第6話

 その時、複数の足音が近づいてきた。ドアを荒っぽく叩く音がする。

「ビリー・ウィリアムズ! ここを開けろ! お前には逮捕状が出ている!!」

 ビリーがチッと舌打ちをした。

「ここまでか……」

 向かいのエバンズさんは安堵したように目を閉じていた。僕も胸を撫で下ろした。助かった。ビリーは紳士的な仕草で自ら扉を開けた。それからは、僕とエバンズさんは保護され、ビリーは手錠をかけられ、連行されていった。


 病室で本を読んでいると、ケストナーさんがやってきた。

「よう。暇してるか?」

「見ての通り、暇ですよ。体も悪いところはないし、早く退院したいです」

「そうか、それはよかったな」

 ケストナーさんはジーパンのポケットを探り、一枚の紙切れを差し出してきた。よく見ると、それは写真だった。

「警察から返してもらった。

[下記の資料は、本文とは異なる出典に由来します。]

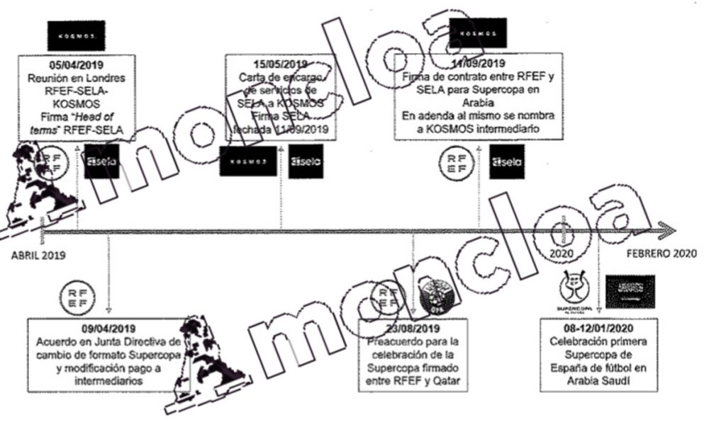 En esa misma fecha se suscribió un preacuerdo (Head of Terms) entre la RFEF y Sela que establecía la celebración de la Supercopa de España en Arabia Saudí durante tres años, prorrogables a otros tres por el que la RFEF cobraría 28,5 millones de euros cada año. Pero el problema es que en dicho preacuerdo no figuraba la participación de ningún agente externo.
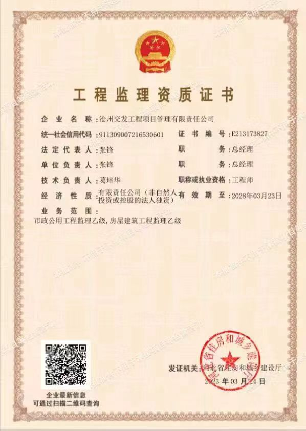 2023年3月24日,经河北省住房和城乡建设厅核准,沧州交发工程项目管理有限责任公司获批市政公用、房屋建筑工程监理乙级资质证书。
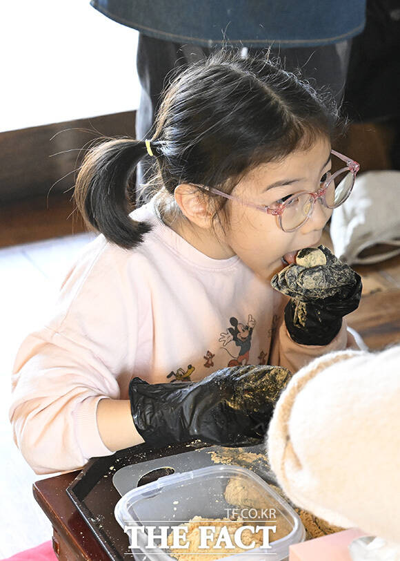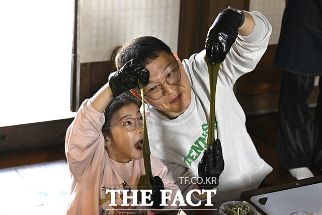 [더팩트 | 송호영 기자] 절기상 한식을 앞둔 4일 오전 서울 중구 남산골한옥마을을 찾은 부녀가 쑥 디저트 만들기 체험을 하고 있다.
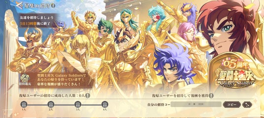 株式会社ファイブクロスは、スマートフォン向けRPG『聖闘士星矢 Galaxy Soldiers』(聖闘士星矢GSS)において、サービス開始0.5周年を記念したイベントを開始したことをお知らせいたします。
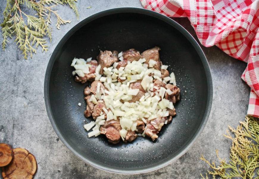 Репчатый лук мелко порежьте и выложите в казан. Обжаривайте все еще 4 минуты, перемешивая.
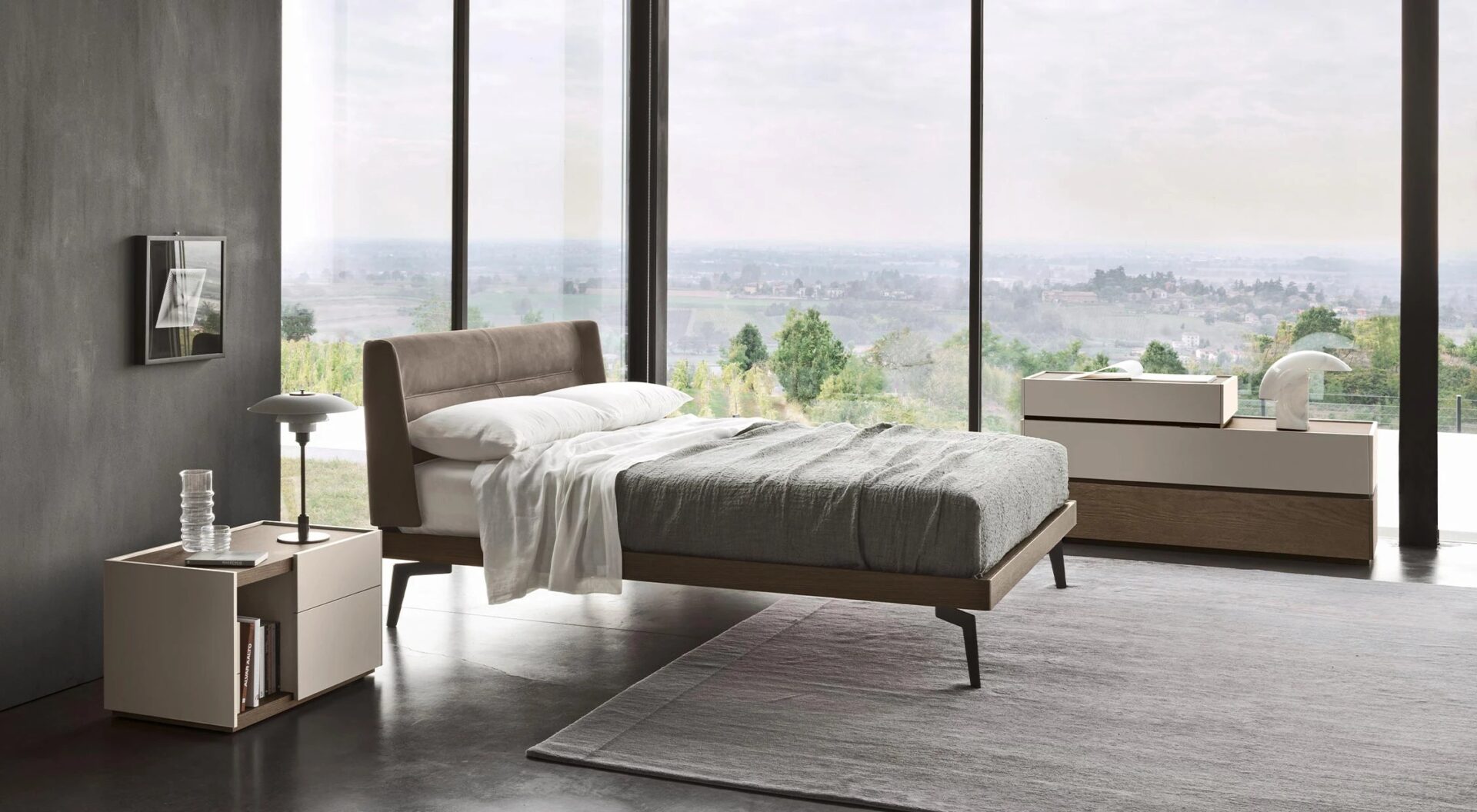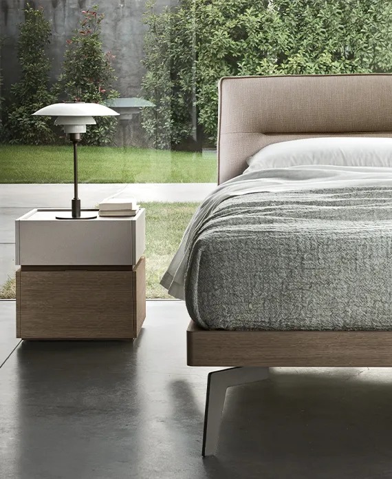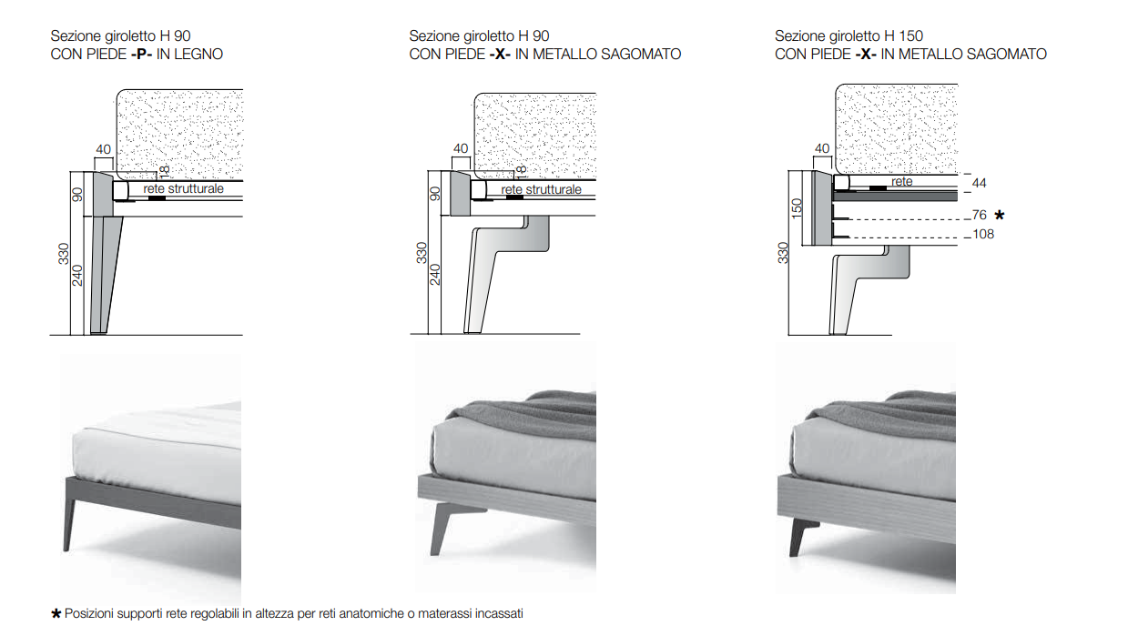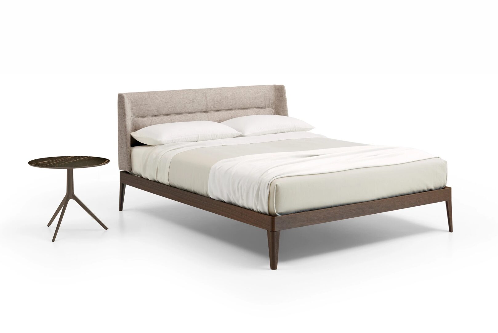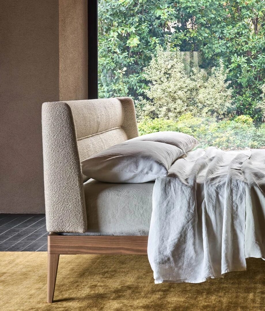 Богатство строительных деталей характеризует эту кровать, каркас кровати которой может быть деревянным или матовым лаком, с направляющими H 90 мм и опорой на землю на деревянных ножках.
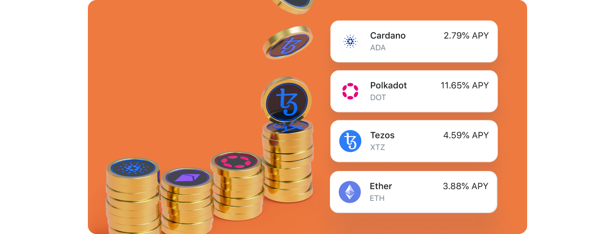 発表によると、ユーザーは特定のトークンのステーキング報酬で最大 11.65% の利益を得ることが可能であるとしている。一方でAPYに関しては変動し、ステーキングされたトークンに応じて変更される可能性があることが説明されている。そして下記画像のように$ADAがは2.79%、$DOTが11.65%、$ETHと$XTZはそれぞれ 3.88% と4.59%のAPYを提供するとしている。 ETHのステーキングにおいては参加条件として、32ETHのステーキングを行う必要があることも明らかになっている。
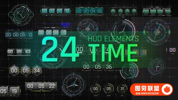 图穷联 » [AE模板]24种科技感全息投影HUD时间元素 HUD Elements Time

お前がこれを道に落としていたおかげで、お前が誘拐されたことが分かったんだ」

「僕が誘拐された時には、警察はほぼ犯人に目星がついてたようですね。でもこの写真……」

「お前、休憩時間によく取り出して見てただろ。だから証言できたんだよ」

 完全に無意識だった。本当は僕は、家族を愛していたのだった。

「……ありがとうございます、ケストナーさん」

「家族、見舞いに来てくれたんだろ?」

「はい……半ば朦朧としていた時だったので、まだちゃんと話せてはいないんですけど……」

「一緒にいられる時間は限られてるんだから、今のうちによく話しておけよ」

「はい、そうします」

 僕は写真を胸に抱きしめた。もう間違えないようにしよう。本当の気持ちをもう、手放しはしない。扉がノックされた。僕は明るく返事をした。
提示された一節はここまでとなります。